Na outro filme dentro de “American Fiction” acompanhamos a rotina da família de classe média do escritor, que vai precisar lidar com a morte de uma irmã querida, com a doença degenerativa da mãe e com a hostilidade do irmão, tramas que servem justamente para ilustrar como a vivência do negro na América não se limita a miséria, gravidez na adolescência e mortes relacionadas ao tráfico de drogas que permeiam seu livro apócrifo.
E o filme faz esse contraponto com muito humor, com destaque para as cenas onde Monk faz parte de um júri para escolher o melhor romance do ano e tenta, junto com a outra escritora negra da banca, evitar que sua piada em forma de publicação ganhe o prêmio — logo sendo desconsiderados porque os outros jurados, todos brancos, afirmam categoricamente que vozes negras precisam ser ouvidas.

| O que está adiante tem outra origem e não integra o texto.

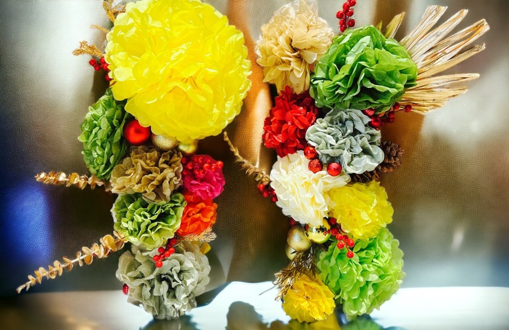 - 聖誕裝飾,不只在造型上做變化,不一樣的材質也會呈現不同的效果。 Ex: 像是緞帶可以做成不同造型的花,不同材質的緞帶可以帶來不同效果,甚至有花色的緞帶更富含意義

Não adianta chorar pelo átomo fissurado
Não bateu: “Oppenheimer”, 2023
Sempre me espantou o fato do Christopher Nolan ter haters porque nunca reconheci na obra dele qualquer traço de estilo que eu pudesse aprovar ou desaprovar, quanto mais odiar. No máximo consegui reparar no seu gosto por histórias ambientadas em realidades alternativas com regras muito específicas que precisam ser explicadas em alguma parte do filme — mas como “Oppenheimer” conta uma trama da vida real imaginei que a gente ia ser poupado dessas cenas estilo manual do usuário.

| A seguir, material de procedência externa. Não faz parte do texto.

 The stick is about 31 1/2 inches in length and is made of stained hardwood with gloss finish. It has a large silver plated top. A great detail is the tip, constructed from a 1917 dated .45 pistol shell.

Só que estava enganado: até momentos com atividades corriqueiras trazem diálogos expositivos sobre personagens e acontecimentos históricos; impressionante como o roteiro não desperdiça nem um “passa o sal” sem meter uma trivia no meio. Ok, diálogo expositivo é um recurso muitas vezes necessário, mas o ideal é disfarça-lo com o mínimo de coloquialismo, como quando você comenta o noticiário com um colega de trabalho e não como em “Oppenheimer”, onde as manchetes de jornal parecem ser a única fonte de interesse dos personagens e as falas são declamadas como se eles estivessem num programa de debate da globonews.
O filme já começa errado na epígrafe que compara as atribulações de Oppenheimer e Prometeu, já que por roubar o fogo dos deuses o titã foi condenado a ter o fígado eternamente bicado por uma águia enquanto o suplício do Oppenheimer por ser um socialista hesitante foi ser julgado e perder uma espécie de carteirinha VIP do governo americano.

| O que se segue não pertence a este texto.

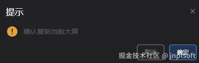 展示复制弹窗,点击取消,取消复制操作,点击确定,成功复制大屏

Logo em seguida, para enfatizar que o cara tinha uma tremenda consciência culpada apesar do seu currículo de supervilão, entram de dez em dez minutos umas cenas de pesadelo em CGI mostrando umas fissões de átomo ou coisa assim que me lembraram as vinhetas de passagem de cena daquele sitcom Big Bang Theory. E o roteiro não se esforça mais do que isso para construir esse arrependimento, o que faz com que as cenas finais com closes da cara angustiada do Cillian Murphy lembrem muito aqueles atacantes que não comemoram um gol humilhante para não humilhar a torcida adversária. Tarde demais, Oppie.
Oppenheimer tao chato quanto Napoleão. 👆
Morrendo pra tentar saber qual é essa banda! Mais dicas, please!